- [INPUT DATA]:

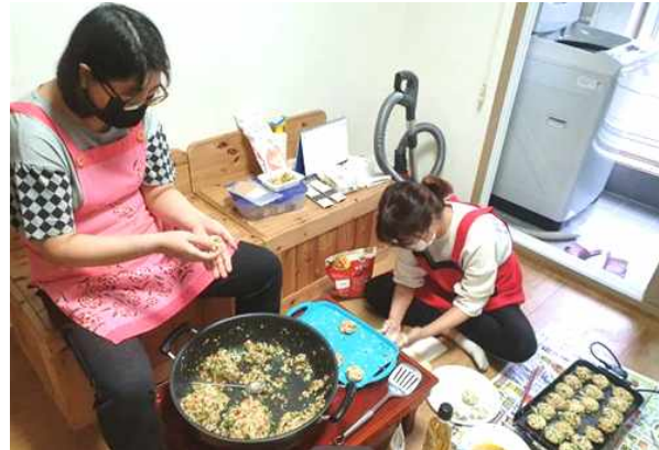
전(동태전, 동그랑땡, 꼬치) 부치기
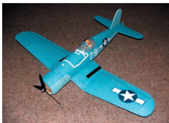
F-4U Corsair EPP warbird

Spannweite: 850mm Gewicht: 350-450g Tragfläche: verschraubt, daher abnehmbar. Alternativ verklebt mit Rumpfausschnitt Kabinenhaube: Transparent Servos: 2 Quer zwingend, 1 Höhe
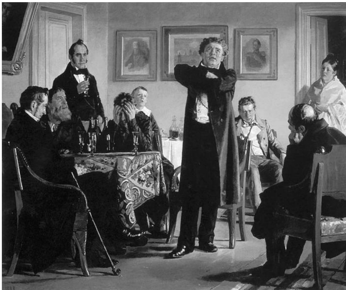
Актер Мочалов среди почитателей. Художник Н.В. Неврев. 1888 г.

В сущности, Мочалов всю жизнь играл одну многогранную роль – разочарованного, полного страдания мыслящего человека, остро осознающего свое одиночество и пороки окружающего мира и становящегося в итоге либо борцом, либо жертвой. Недаром его звездной ролью стал Гамлет (первый русский поэтический перевод пьесы У. Шекспира, сделанный Н.А. Полевым, 1837). За эту пьесу Мочалов сражался самоотверженно – против постановки высказались буквально все, от М.С. Щепкина до дирекции театра. Но Павел Степанович поставил жесткое условие: или он уходит из труппы, или «Гамлет» будет. И премьера, состоявшаяся 22 января 1837 года, за пять дней до пушкинской дуэли, потрясла зрителей. Гамлет – Мочалов поражал то вспышками ярости, то осознанием своей обреченности, срывами в отчаяние, скорбью, которые сменялись четким осознанием своей готовности к итоговой борьбе. Общее мнение публики выразил смотревший спектакль восемь раз В.Г. Белинский: «Мы видели чудо». Через год критик написал специальную статью «“Гамлет”, драма Шекспира. Мочалов в роли Гамлета», где утверждал, что на сцене зрители видели Гамлета «не столько шекспировского, сколько мочаловского», потому что исполнитель «придал Гамлету более силы и энергии... и дал ему грусти и меланхолии гораздо менее, нежели сколько должен ее иметь шекспировский Гамлет». Белинский считал Мочалова «единственным в Европе талантом для роли Гамлета» и утверждал, что дарование Мочалова является «великим и гениальным».
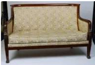
Lot n°206 Banquette en acajou plaqué avec accotoirs sculptés...
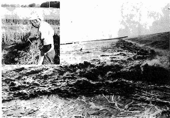
▲越流堤を越えて北新田に流れ込む濁流。農家の表情も暗い

わたしたちは、利根川と手賀沼にかこまれ自然と歴史には くまれた我孫子の市民です。 わたしたちは、田園教育文化都市をめざす市民としての誇 りをもち、明日への願いをこめて、ここに市民憲章を定めます。 水と緑と土のおいがいっぱい 住みよいあびこにします 心と体をきたえ 生き生きと働き 伸びゆくあびこにします 老人を大切に 子どもの夢を育て 幸せなあびこにします ふるさとを愛し 文化を高め 豊かなあびこにします みんなで話しあい きまりを守り 明るなあびこにします
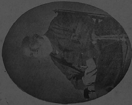
THE LATE SIR T. PALIT. காலஞ்சென்ற ஸர் தாரகநாத் ப்லிட்.

SUPPLEMENT TO "THE PEOPLE'S FRIEND." "ஜனநாயகம்" க்கு அனுப்புக.
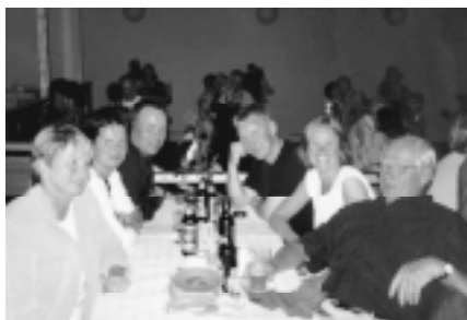
Ovan: Glada festdeltagare på folkets hus.
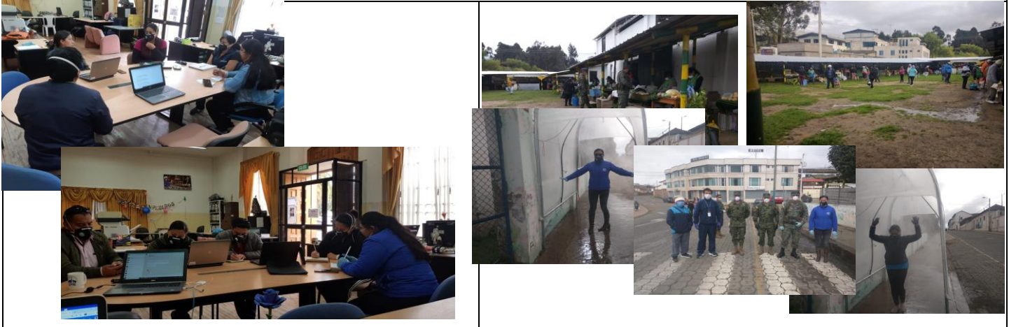
Fotografía 1. Reunión de equipo para la planificación de actividades semanales
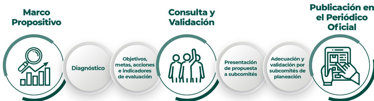
Imagen 1. Etapas del proceso de formulación del Programa Sectorial de Desarrollo Agropecuario y Rural 2022-2027

Fuente: Elaborado por la Secretaría de Agricultura y Desarrollo Rural BC.
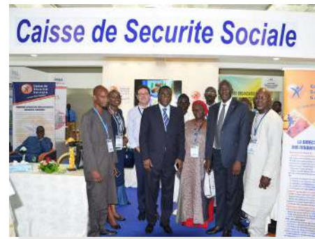
LA CAISSE DE SÉCURITÉ SOCIALE DU SÉNÉGAL, PARTENAIRE MAJEUR
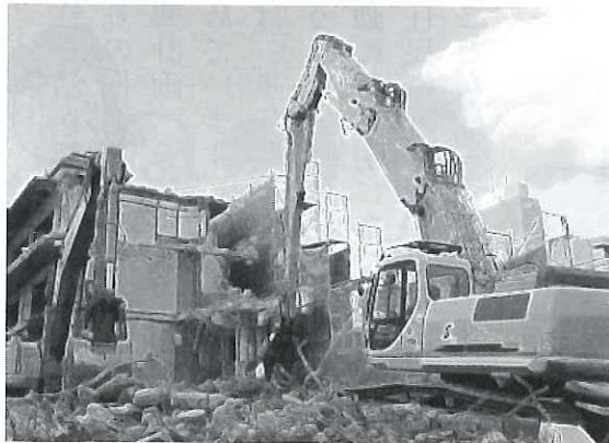
【解体工事のイメージ】

につきましては、現在裁判で係争中に係る案件でありますので、この場での回答は控えさせていただきます。本件裁判確定後、当該事業に係る総括を行い、厳正かつ適正な対応を行います。
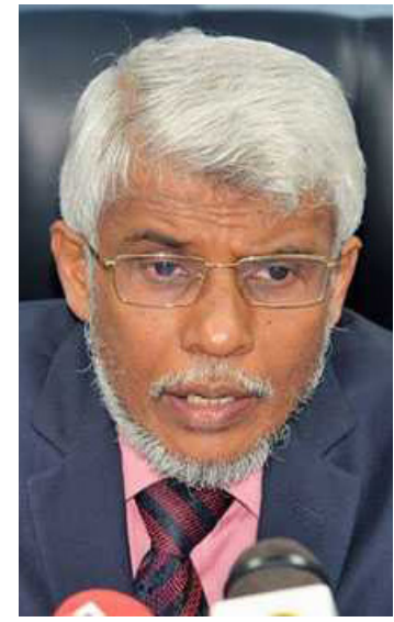
லாதொழிப்பதாகவே அமைந்து விடும்.

ஆனால், நல்லாட்சி அரசின் தற்போதைய போக்கு அந்த மூன்றாவது சிறுபான்மையினரான முஸ்லிம்களைத் தோற்கடிப்பதாக அமைந்திருக்கிறது. நல்லாட்சி அரசு கலப்புத் தேர்தல் முறையை அமுல்படுத்துவதன் மூலம் நாட்டின் மூன்றாவது சிறுபான்மையான முஸ்லிம் சமூகத்தை அரசியல் பிரதிநிதித்துவம் அற்றவர்களாக்குவதோடு அவர்களது இன்னபிற அரசியல் உரிமைகளையும் இல்

- [TASK TO CARRY OUT]: Output each line of the listing above, word for word, from the one holding "みんなで話しあい きまりを守り 明るなあびこにします" through the last line, both included; omit the pictures.

- [TASK SOLUTION]:
わたしたちは、利根川と手賀沼にかこまれ自然と歴史には くまれた我孫子の市民です。 わたしたちは、田園教育文化都市をめざす市民としての誇 りをもち、明日への願いをこめて、ここに市民憲章を定めます。 水と緑と土のおいがいっぱい 住みよいあびこにします 心と体をきたえ 生き生きと働き 伸びゆくあびこにします 老人を大切に 子どもの夢を育て 幸せなあびこにします ふるさとを愛し 文化を高め 豊かなあびこにします みんなで話しあい きまりを守り 明るなあびこにします
THE LATE SIR T. PALIT. காலஞ்சென்ற ஸர் தாரகநாத் ப்லிட்.

SUPPLEMENT TO "THE PEOPLE'S FRIEND." "ஜனநாயகம்" க்கு அனுப்புக.
Ovan: Glada festdeltagare på folkets hus.
Fotografía 1. Reunión de equipo para la planificación de actividades semanales
Imagen 1. Etapas del proceso de formulación del Programa Sectorial de Desarrollo Agropecuario y Rural 2022-2027

Fuente: Elaborado por la Secretaría de Agricultura y Desarrollo Rural BC.
LA CAISSE DE SÉCURITÉ SOCIALE DU SÉNÉGAL, PARTENAIRE MAJEUR
【解体工事のイメージ】

につきましては、現在裁判で係争中に係る案件でありますので、この場での回答は控えさせていただきます。本件裁判確定後、当該事業に係る総括を行い、厳正かつ適正な対応を行います。
லாதொழிப்பதாகவே அமைந்து விடும்.

ஆனால், நல்லாட்சி அரசின் தற்போதைய போக்கு அந்த மூன்றாவது சிறுபான்மையினரான முஸ்லிம்களைத் தோற்கடிப்பதாக அமைந்திருக்கிறது. நல்லாட்சி அரசு கலப்புத் தேர்தல் முறையை அமுல்படுத்துவதன் மூலம் நாட்டின் மூன்றாவது சிறுபான்மையான முஸ்லிம் சமூகத்தை அரசியல் பிரதிநிதித்துவம் அற்றவர்களாக்குவதோடு அவர்களது இன்னபிற அரசியல் உரிமைகளையும் இல்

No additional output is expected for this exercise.